(Stored items)

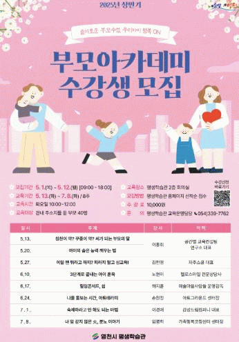 [NWS¹æ¼Û=Çѽ¸ñ ±âÀÚ]¿µÃµ½Ã Æò»ýÇнÀ°üÀº ¡®2025³â »ó¹Ý±â ºÎ¸ð¾ÆÄ«µ¥¹Ì¡¯ ¼ö°­»ýÀ» 5¿ù 1ÀϺÎÅÍ 12ÀϱîÁö ¸ðÁýÇÑ´Ù°í ¹àÇû´Ù. ¡®ºÎ¸ð¾ÆÄ«µ¥¹Ì¡¯´Â ºÎ¸ðµé¿¡°Ô ½ÇÁúÀûÀÎ À°¾Æ ³ëÇϿ츦 Á¦°øÇϰí, ºÎ¸ð·Î¼­ÀÇ ¿ª·®À» °­È­ÇÏ´Â µ¥ µµ¿òÀ»¡¦
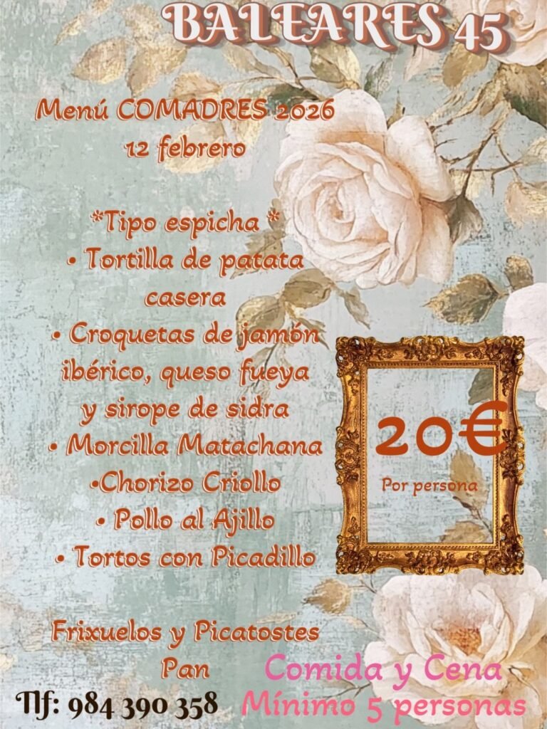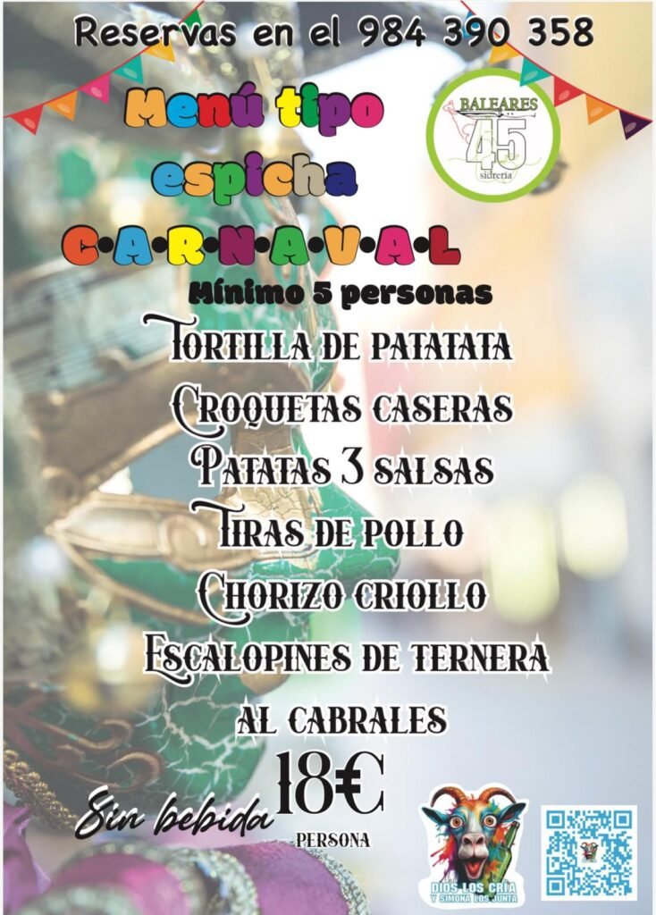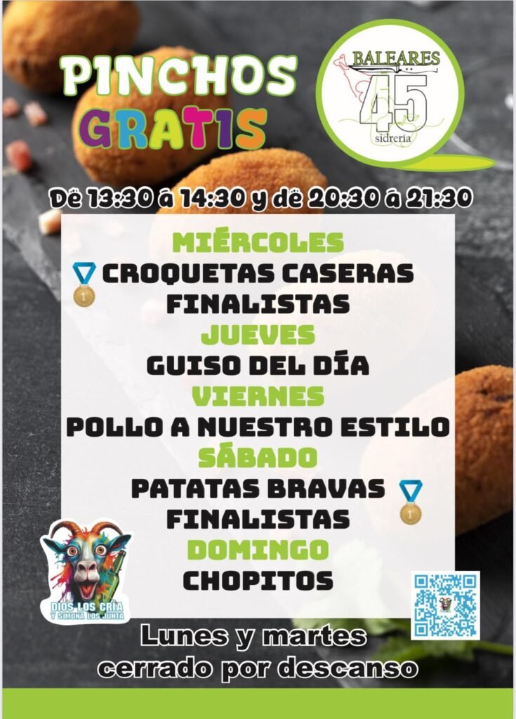 En Sidrería Baleares 45 te invitamos a disfrutar de nuestros pinchos gratis cada semana. De miércoles a domingo, ven de 13:30 a 14:30 o de 20:30 a 21:30 y prueba nuestras especialidades: croquetas caseras finalistas, guiso del día, pollo a nuestro estilo, patatas bravas finalistas y los irresistibles chopitos del domingo.Un plan perfecto para venir con amigos o familia y disfrutar de cocina casera, ambiente cercano y producto de calidad. Te esperamos en Baleares 45. Los lunes y martes descansamos para volver con más sabor.
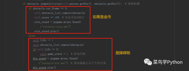 如果判断是金币的话,则用户的得分+100,金币被吃掉。否则的话,用户的生命值减一,障碍物消失掉。
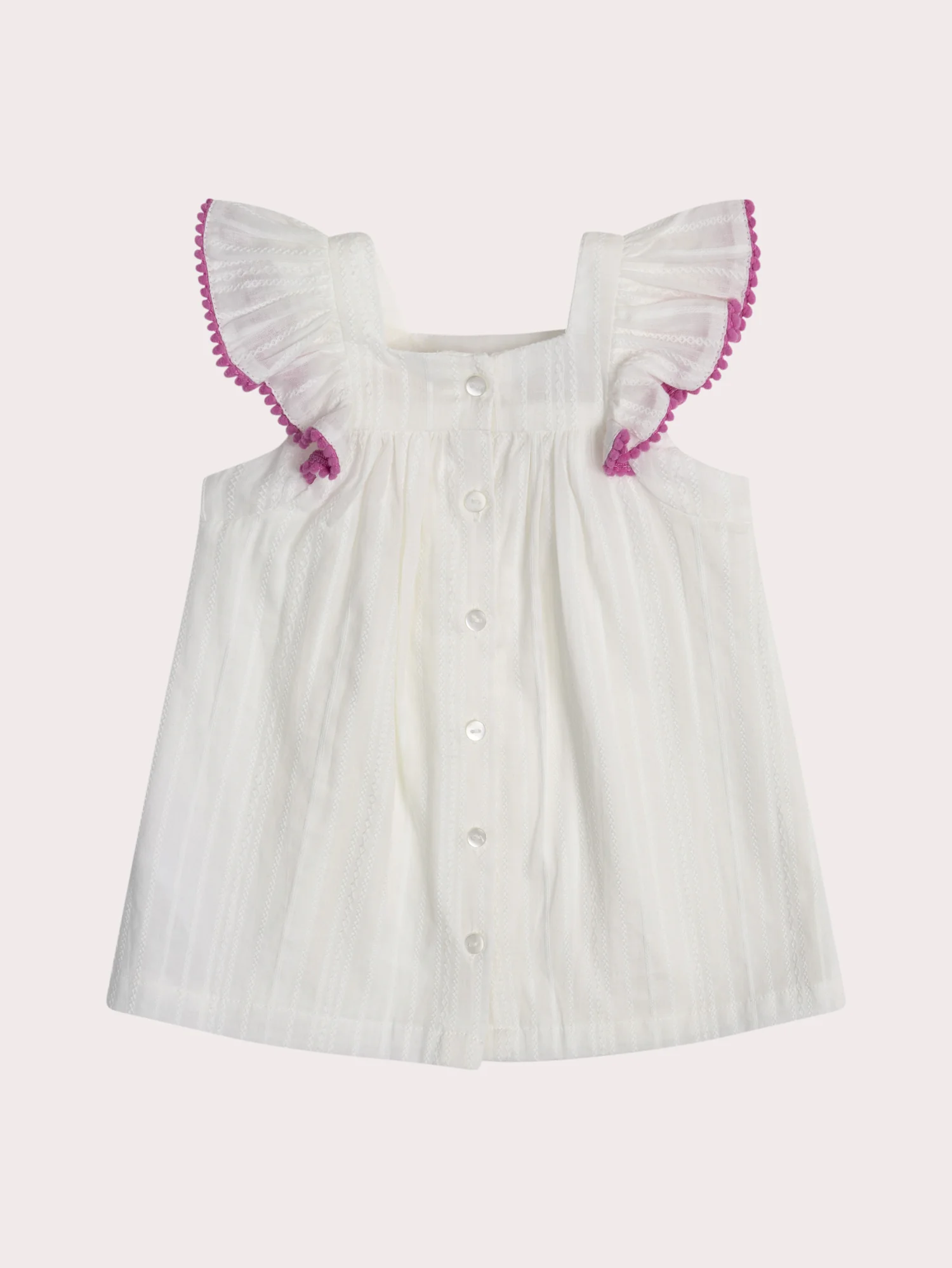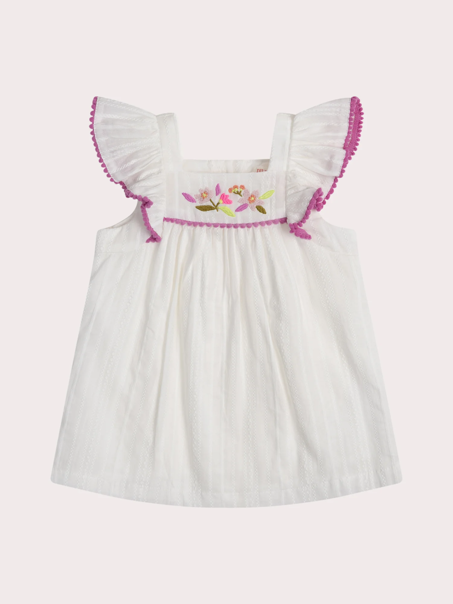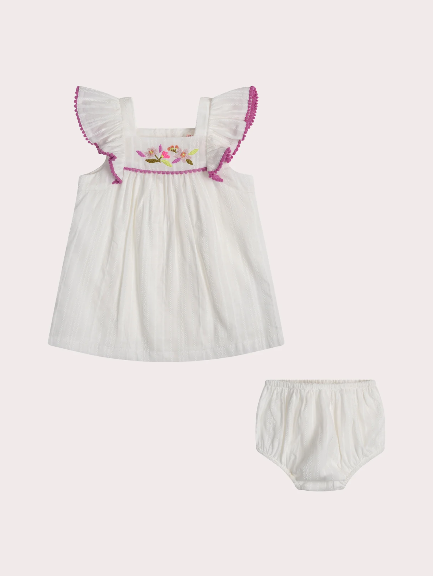 Pour les petites filles élégantes, cette robe péruche est idéale pour les journées ensoleillées. Confectionnée en voile de coton léger, elle assure confort et fraîcheur, avec des manches volantées pour une touche de douceur. L’imprimé péruche fleuri et le bloomer assorti apportent une touche printanière et pleine de charme à ce modèle.
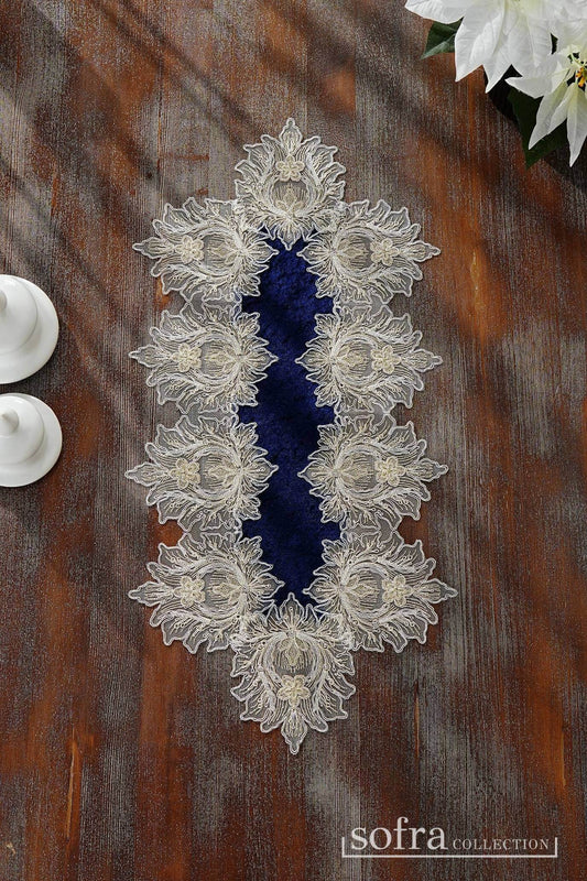 طقم مفارش٣ قطع مزين بدانتيل ذهبى – موديل تاج محل – قماش قطيفة فاخر ازرق داكن اللون
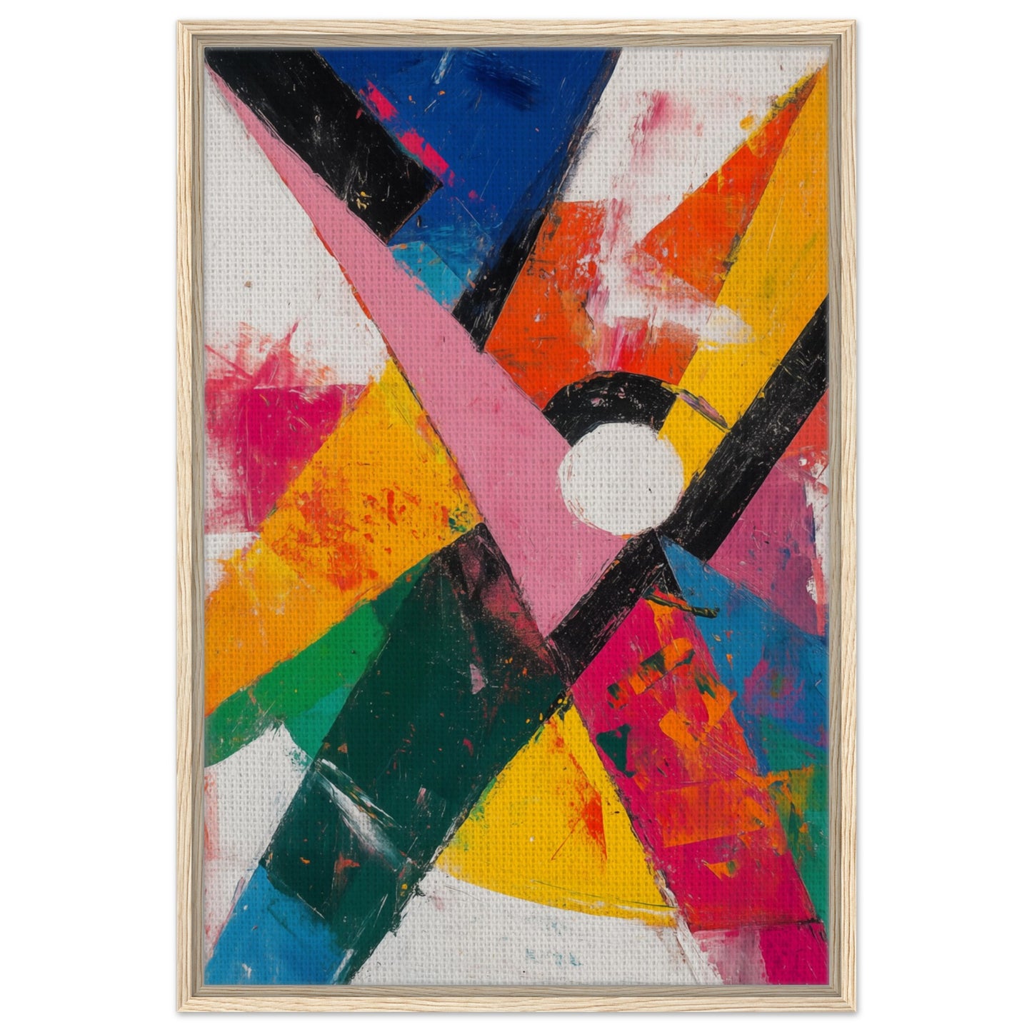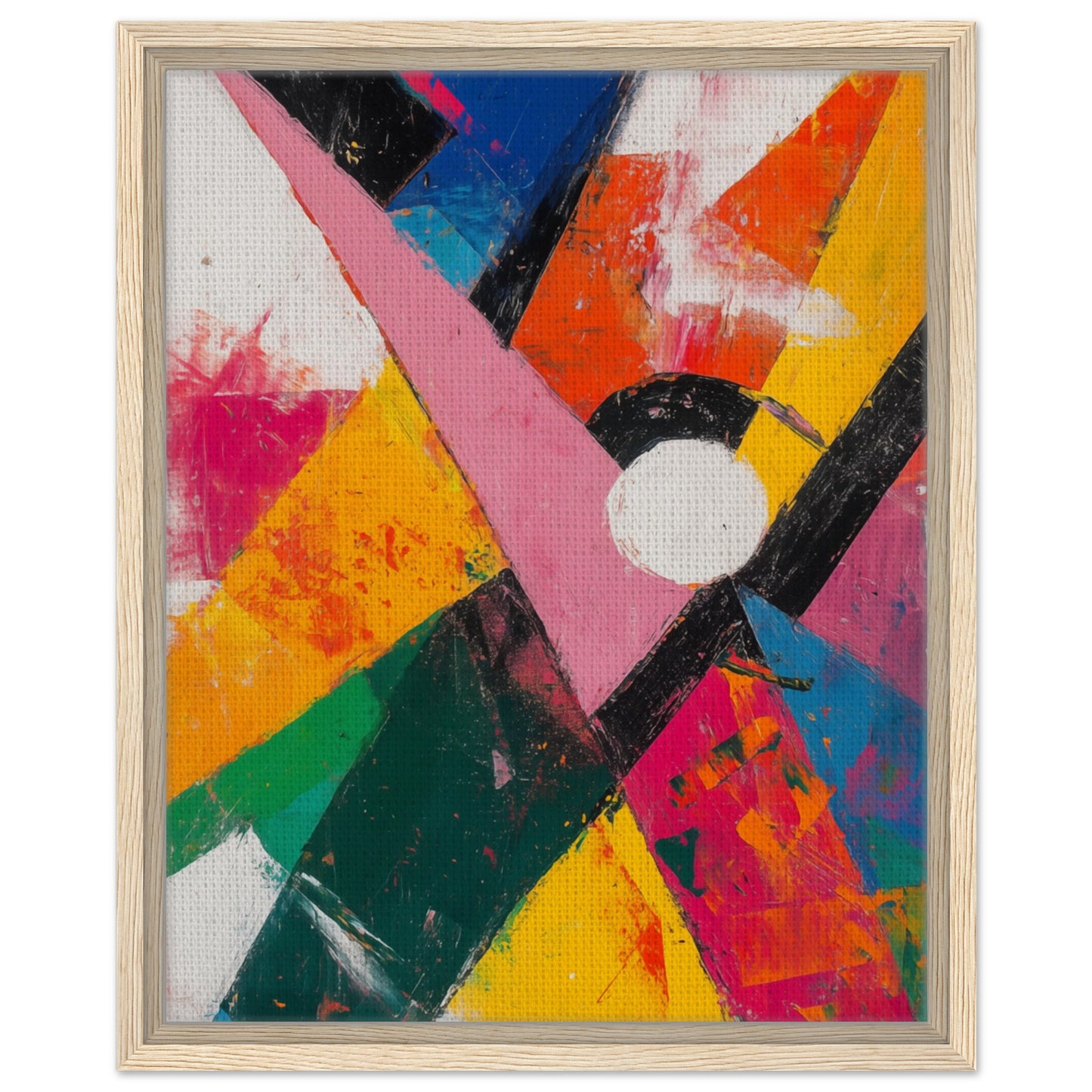 Cette image abstraite impressionne par ses couleurs fortes et ses formes dynamiques qui forment ensemble une composition expressive. Les jaunes, roses, bleus et oranges intenses sont contrastés par des lignes noires nettes, créant une sensation d'énergie et de mouvement. Cette œuvre d’art est parfaite pour faire une déclaration saisissante dans les espaces modernes.
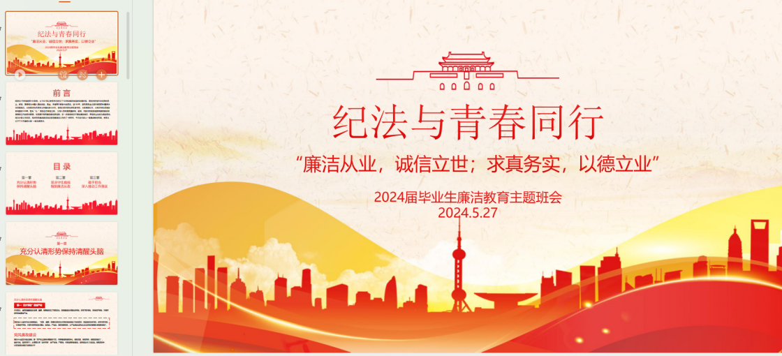 为增强毕业生廉洁和自律意识,引导毕业生廉洁从业,诚信立世;求真务实,以德立业,倡导毕业生做到“纪法与青春同行”,系好走向社会的“第一粒扣子”。5月27日,beats365官方网站组织2024届毕业生开展“廉洁从业”主题班会活动。公司党委书记刘嘉俊,党委副书记李刚、毕业班辅导员王哲以及2024届毕业生参与本次活动。
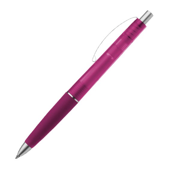 Huurrettu pintainen kuulakärkikynä, jossa kuminen pidinosa ja kaareva metalli klipsi. Kynässä on hopeiset yksityiskohdat ja sininen muste. Hinnat sisältävät 1-väripainatuksen kynään aloituskuluineen.
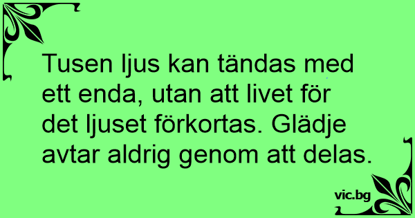 Tusen ljus kan tändas med ett enda, utan att livet för det ljuset förkortas. Glädje avtar aldrig genom att delas.
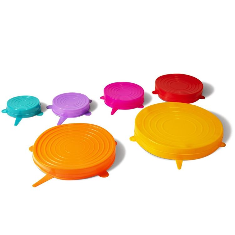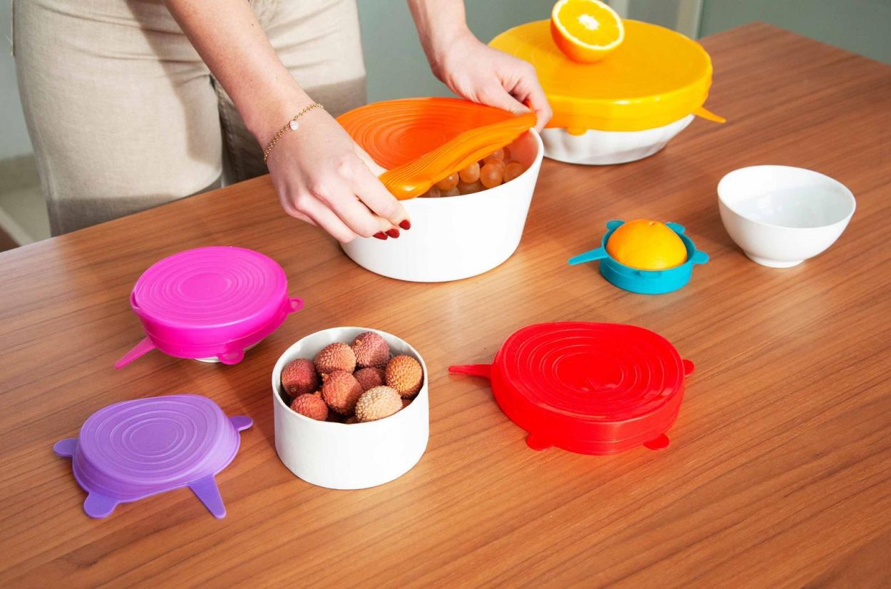 Deze set van zes elastische siliconen deksels is een handig en duurzaam alternatief voor vershoudfolie. Ze passen zich flexibel aan verschillende vormen en maten aan en sluiten bakjes, kommen en glazen stevig af dankzij hun waterdichte seal. De deksels zijn herbruikbaar, waterdicht, elastisch, en mogen in zowel de microgolfoven als de vaatwasser. Ideaal voor dagelijks gebruik én om minder afval te creëren.
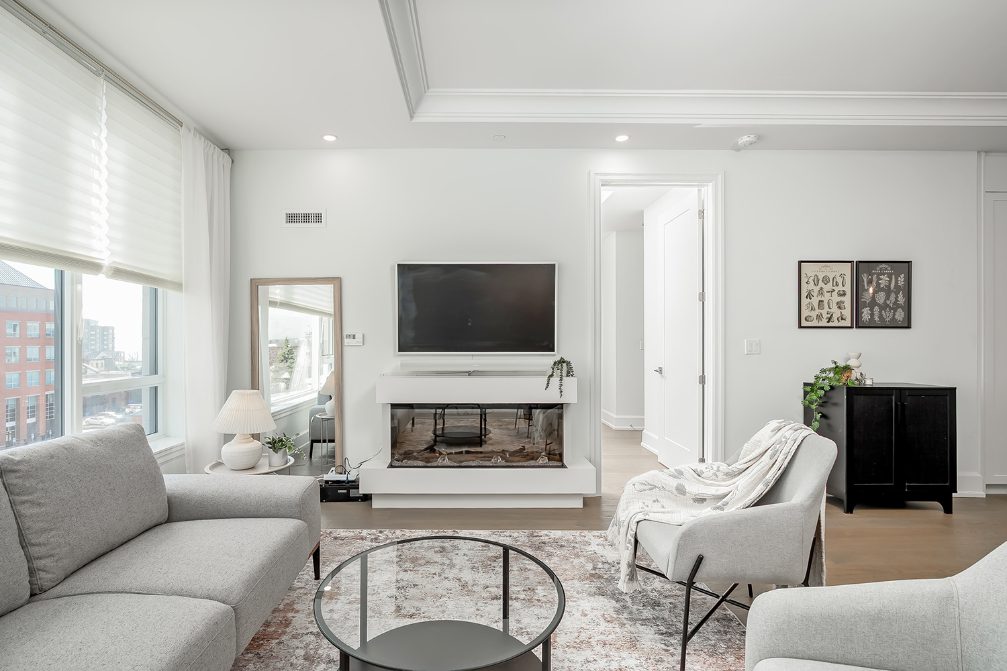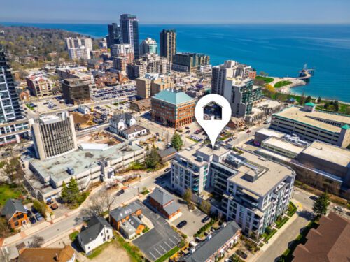 Welcome to The Saxony, one of downtown Burlington’s most sought-after luxury residences, just steps from the lake, vibrant shops, and top dining.This beautifully upgraded 2-bedroom, 2-bath suite offers over-the-top finishes and an ideal layout for both everyday living and entertaining. Soaring 9-foot ceilings and a bright, open-concept design create an airy feel throughout, while the spacious dining area is perfect for hosting family and friends; something rarely found in condo living.The fully updated interior showcases thoughtful upgrades from top to bottom, highlighted by a stunning custom electric fireplace that adds warmth and a refined focal point to the living space.Enjoy the convenience of in-suite laundry and seamless indoor-outdoor living. Step onto your private balcony and take in peaceful views of the lake, an ideal spot to unwind at the end of the day.This unit truly stands out with two side-by-side parking spaces, complete with an electric vehicle charger, along with a generous 10 x 5 ft locker offering exceptional storage. Bike storage is also conveniently located on the parking level.Residents of The Saxony enjoy an elevated lifestyle with premium amenities including a concierge, fully equipped gym, elegant party room, private dining/meeting space, theatre room, and a stunning terrace with panoramic lake views.A rare opportunity to own a turn-key suite in an unbeatable location; where luxury, convenience,and lifestyle come together.
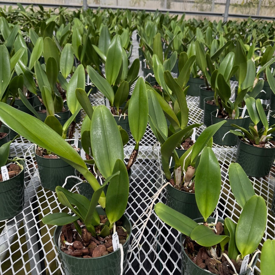 This mericlone, Rlc. Volcano Feeling 'Volcano Queen' is now available at a mature blooming stage and is not currently producing any buds and blooms. This orchid is planted in a 5 1/2” pot and will produce 4-5” cattleya flowers as shown in the product photo while in bloom. Cattleyas are often annual bloomers. This variety tends to produce orchid flowers consistently during the fall to winter months. This plant is currently not in bud or flowering now. General orchid care for Cattleyas include a temperature range of 75-85F during the day and 60F at night. 40-60% humidity is recommended. Bright, shaded light south-east or south-west exposure. Check the media and water only when dry (about 1-2 times/week). We recommend fertilizing with a high phosphorus & potassium slow release blend to develop big blooms. As with all orchids, good air movement is essential. Repot these mature size orchids every 2 years. Growing instructions are included with every order. Contact us daily via email or phone for additional care questions or concerns.

→ Brief
The reply should hold the entries above from the line with "En Sidrería Baleares" to the line with "Pour les petites", duplicated exactly, pictures excluded.

→ Response to the task
 En Sidrería Baleares 45 te invitamos a disfrutar de nuestros pinchos gratis cada semana. De miércoles a domingo, ven de 13:30 a 14:30 o de 20:30 a 21:30 y prueba nuestras especialidades: croquetas caseras finalistas, guiso del día, pollo a nuestro estilo, patatas bravas finalistas y los irresistibles chopitos del domingo.Un plan perfecto para venir con amigos o familia y disfrutar de cocina casera, ambiente cercano y producto de calidad. Te esperamos en Baleares 45. Los lunes y martes descansamos para volver con más sabor.
 如果判断是金币的话,则用户的得分+100,金币被吃掉。否则的话,用户的生命值减一,障碍物消失掉。
 Pour les petites filles élégantes, cette robe péruche est idéale pour les journées ensoleillées. Confectionnée en voile de coton léger, elle assure confort et fraîcheur, avec des manches volantées pour une touche de douceur. L’imprimé péruche fleuri et le bloomer assorti apportent une touche printanière et pleine de charme à ce modèle.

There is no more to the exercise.